Why We Don't Use Raw ECDH Output: HKDF Session Key Derivation
After X25519 key agreement, both devices have the same 32-byte shared secret. TermOnMac does not use this directly as an AES key. Instead, it runs it through HKDF-SHA256 with a salt constructed from both session nonces and a version-tagged domain separator.
The Protocol Versions
TermOnMac has two key derivation paths, identifiable by the salt prefix:
v1 (identity keys):
// mac_agent/Sources/RemoteDevCore/SessionCrypto.swift
let salt = Data("remotedev-v1".utf8) + Data(sortedNonces.joined().utf8)
self.sessionKey = shared.hkdfDerivedSymmetricKey(
using: SHA256.self,
salt: salt,
sharedInfo: Data(),
outputByteCount: 32
)
v2 (ephemeral keys — current):
public func deriveSessionKeyEphemeral(
ephemeralPrivateKey: Curve25519.KeyAgreement.PrivateKey,
peerEphemeralKeyBase64: String,
localNonce: String,
remoteNonce: String
) throws {
let peerKey = try Curve25519.KeyAgreement.PublicKey(rawRepresentation: peerKeyData)
let shared = try ephemeralPrivateKey.sharedSecretFromKeyAgreement(with: peerKey)
let sortedNonces = [localNonce, remoteNonce].sorted()
let salt = Data("remotedev-v2".utf8) + Data(sortedNonces.joined().utf8)
self.sessionKey = shared.hkdfDerivedSymmetricKey(
using: SHA256.self,
salt: salt,
sharedInfo: Data(),
outputByteCount: 32
)
}
v1 uses the identity key pair for ECDH. v2 uses a per-connection ephemeral key pair. The "remotedev-v2" prefix ensures a v2 derivation produces a different key than a v1 derivation even with identical nonces.
Salt Construction
salt = "remotedev-v2" || sort([localNonce, remoteNonce]).join()
Both nonces are sorted lexicographically before joining. This makes the salt computation order-independent — both the Mac and iPhone produce the same salt without a protocol round-trip to agree on ordering:
let sortedNonces = [localNonce, remoteNonce].sorted()
let salt = Data("remotedev-v2".utf8) + Data(sortedNonces.joined().utf8)
Each session nonce is 32 random bytes, base64-encoded, unique per connection:
// relay_server/src/types.ts
session_nonce?: string; // Base64-encoded 32 random bytes, unique per connection
Because nonces change per connection, the HKDF output changes per connection even if the same ephemeral keys were reused.
HKDF Output
hkdfDerivedSymmetricKey with outputByteCount: 32 produces a 256-bit key for AES-256-GCM. The sharedInfo parameter is empty (Data()).
AES-256-GCM Encryption
The derived key is used directly with AES-GCM. Each encrypted message includes its own 12-byte random nonce:
public func encrypt(_ data: Data) throws -> Data {
guard let key = sessionKey else { throw CryptoError.noSessionKey }
let nonce = AES.GCM.Nonce() // 12 random bytes, new per message
let sealed = try AES.GCM.seal(data, using: key, nonce: nonce)
return nonce.withUnsafeBytes { Data($0) } + sealed.ciphertext + sealed.tag
}
Wire format: [12-byte GCM nonce | ciphertext | 16-byte authentication tag]
Decryption validates the minimum length before attempting to parse:
public func decrypt(_ data: Data) throws -> Data {
guard let key = sessionKey else { throw CryptoError.noSessionKey }
guard data.count > 28 else { throw CryptoError.invalidData }
// minimum: 12 (nonce) + 0 (empty plaintext) + 16 (tag) = 28 bytes
let nonce = try AES.GCM.Nonce(data: data[0..<12])

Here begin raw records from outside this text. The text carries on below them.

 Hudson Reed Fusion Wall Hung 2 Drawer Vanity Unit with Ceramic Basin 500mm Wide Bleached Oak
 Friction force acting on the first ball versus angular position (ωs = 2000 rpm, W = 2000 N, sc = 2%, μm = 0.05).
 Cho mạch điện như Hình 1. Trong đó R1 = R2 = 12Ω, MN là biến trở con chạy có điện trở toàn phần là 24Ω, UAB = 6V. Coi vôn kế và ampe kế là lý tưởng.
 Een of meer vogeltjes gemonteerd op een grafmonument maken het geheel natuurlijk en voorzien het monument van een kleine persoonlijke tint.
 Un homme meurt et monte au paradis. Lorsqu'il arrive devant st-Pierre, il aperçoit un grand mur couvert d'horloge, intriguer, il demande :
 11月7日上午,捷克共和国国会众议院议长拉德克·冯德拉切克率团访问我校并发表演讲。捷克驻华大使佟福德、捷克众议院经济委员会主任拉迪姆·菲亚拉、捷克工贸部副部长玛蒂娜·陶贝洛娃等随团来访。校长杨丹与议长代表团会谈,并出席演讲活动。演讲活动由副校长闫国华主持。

let ciphertext = data[12..<(data.count - 16)]
let tag = data[(data.count - 16)...]
let box = try AES.GCM.SealedBox(nonce: nonce, ciphertext: ciphertext, tag: tag)

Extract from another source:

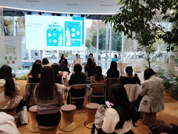 参加者を対象とした体験ワークショップでは、スポイトタイプで使いやすく、「ベタつかず、重ねづけしてもすっと肌になじむ」「使ったあと肌がふっくらした」と、テクスチャーと使用感の良さに納得の声が多数上がりました。メイクの上から使える実用性も、高評価のポイントです。

return try AES.GCM.open(box, using: key)
}
The GCM nonce is per-message (prevents ciphertext reuse within a session). The HKDF nonce is per-connection (binds the session key to a specific connection).
Session Key Lifecycle
/// Clear the derived session key from memory.
public func clearSessionKey() {
sessionKey = nil
}
clearSessionKey() is called when a connection ends. The session key is not persisted to disk — it exists only in memory for the duration of the connection.